Baltimore County bond issues

October 23, 1992

On Nov. 3, Baltimore County voters will get to play budget yea-sayers or nay-sayers as they pull levers for or against 10 bond issue questions totaling $118 million.

Of those 10 questions, the three that concern the county's public schools, community colleges and public libraries account for $50.4 million in potential funds. (An upcoming editorial will address the remaining bond questions.)

The bulk of that $50.4 million can be found in Question A, which would allow the use of $46.1 million for the building of new schools, improvements at existing sites and the purchase of properties for future school construction. Only the $47.4 million public works borrowing ordinance, Question D, packs more dollar power.

Among the new construction projects would be Jacksonville and Mays Chapel Elementary Schools and Nottingham Middle School. Also, additions would be made to Hereford Middle School and Perry Hall High School. Roof repairs ($13.7 million) and asbestos removal ($8 million) at various schools, a dire need much documented in recent years by the media, are the other major components of Question A.

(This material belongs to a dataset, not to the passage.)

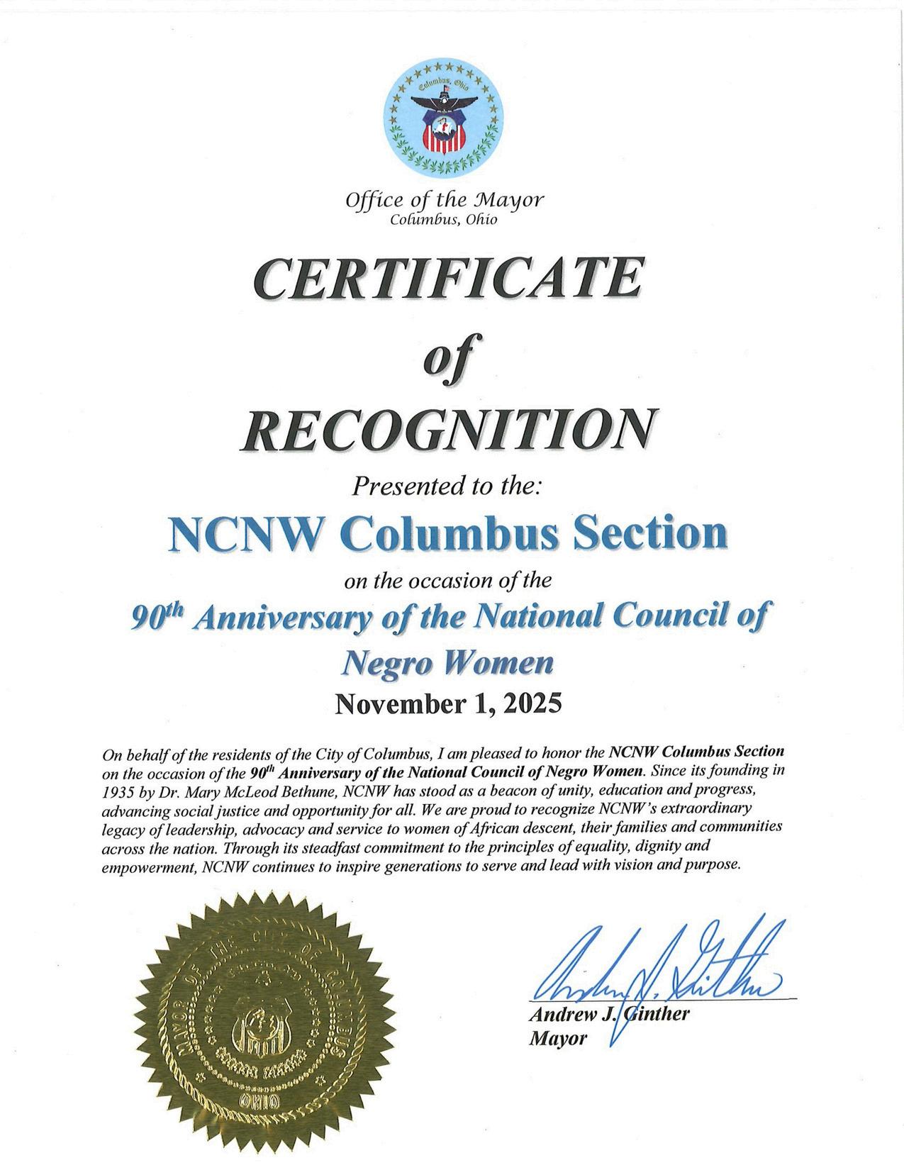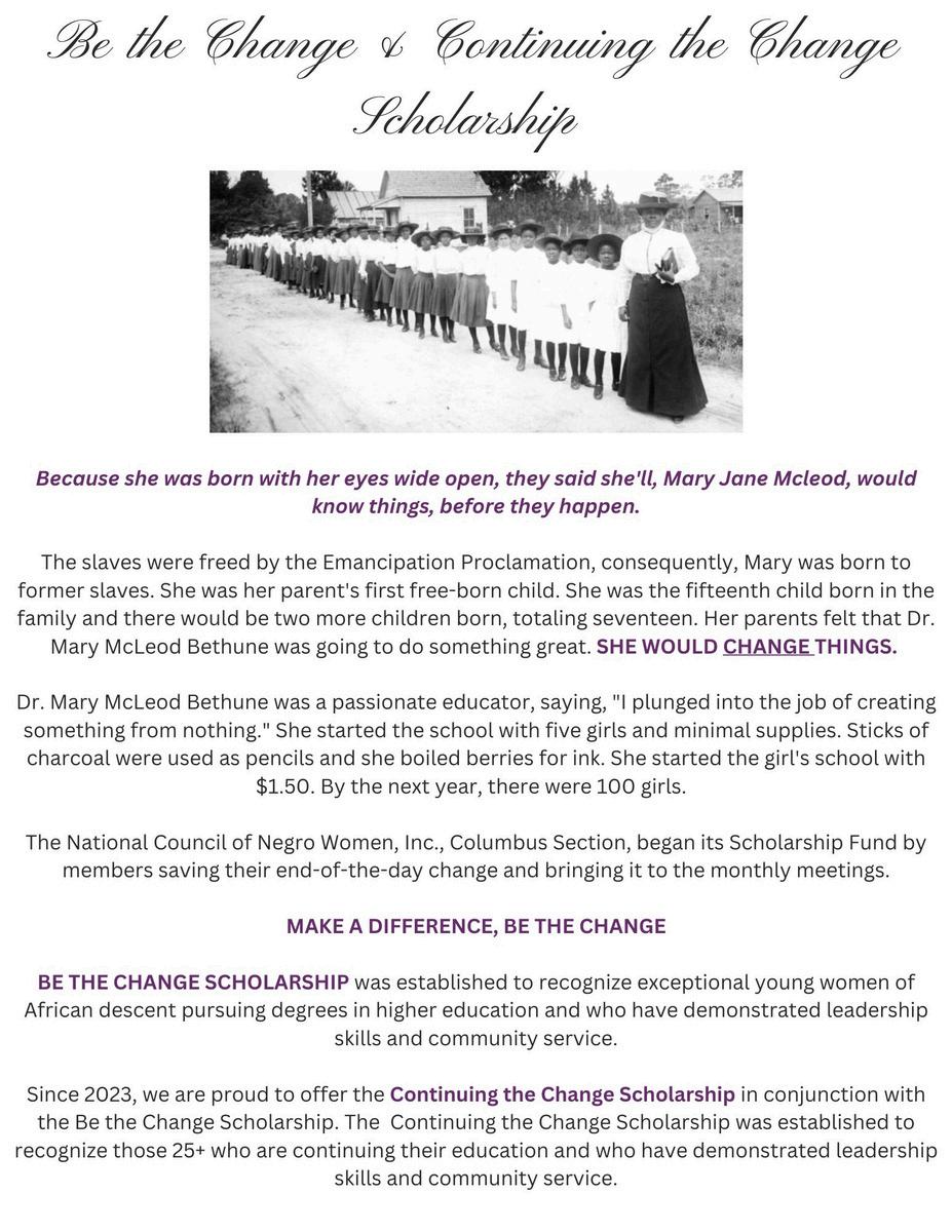 NCNWcelebrates90yearsofserviceexcellence.Withthisasourlegacy,we boldlystepintoourfuture.‘Thejourneyofathousandmiles(or90more years)beginswithasinglestep.Whatisbeforeuswillchallengeour resolveanddemandourbest.Thesistersrelyonfaith,Dr.Bethunespokeof, andasaconsequence,leadwithcourage,servewithgrace,showmercy, andbuildwithsteadfastlove. ThephenomenalwomenintheColumbus Sectioncontinuetomakehistory,asweindividuallyandcollectivelylive herstory.

Up to $3.3 million for new construction, building renovations and maintenance at the three Baltimore County community colleges -- in Essex, Dundalk and Catonsville -- would be provided if voters give their OK to Question C. Once approved, these bonds would be bolstered with matching funds from the state.

Question J would authorize spending $1 million to renovate and maintain the buildings and grounds of the county's 25 public library branches.

Some not-so-trivial bond issue trivia: This year's public school bond issue is for $6 million more than in the 1990 election. Yet the amount is still only half of what the county school board had requested.

In fact, the total of $118 million for 1992 bond questions is a little more than half of the 1990 total. It's the wish of County Executive Roger B. Hayden to hold borrowing down, thus minimizing interest payments as the recession and state aid cuts deliver one financial blow after another to the county.

This year's total of $118 million is still the second highest bond issue in county history, topping by $8 million the total from bond questions proposed four years ago. Give credit to the Hayden administration for coming up with a list of borrowing ordinances that takes care of urgent needs while heeding recessionary restraints.

We urge Baltimore County residents to vote FOR Questions A, C and J on Nov.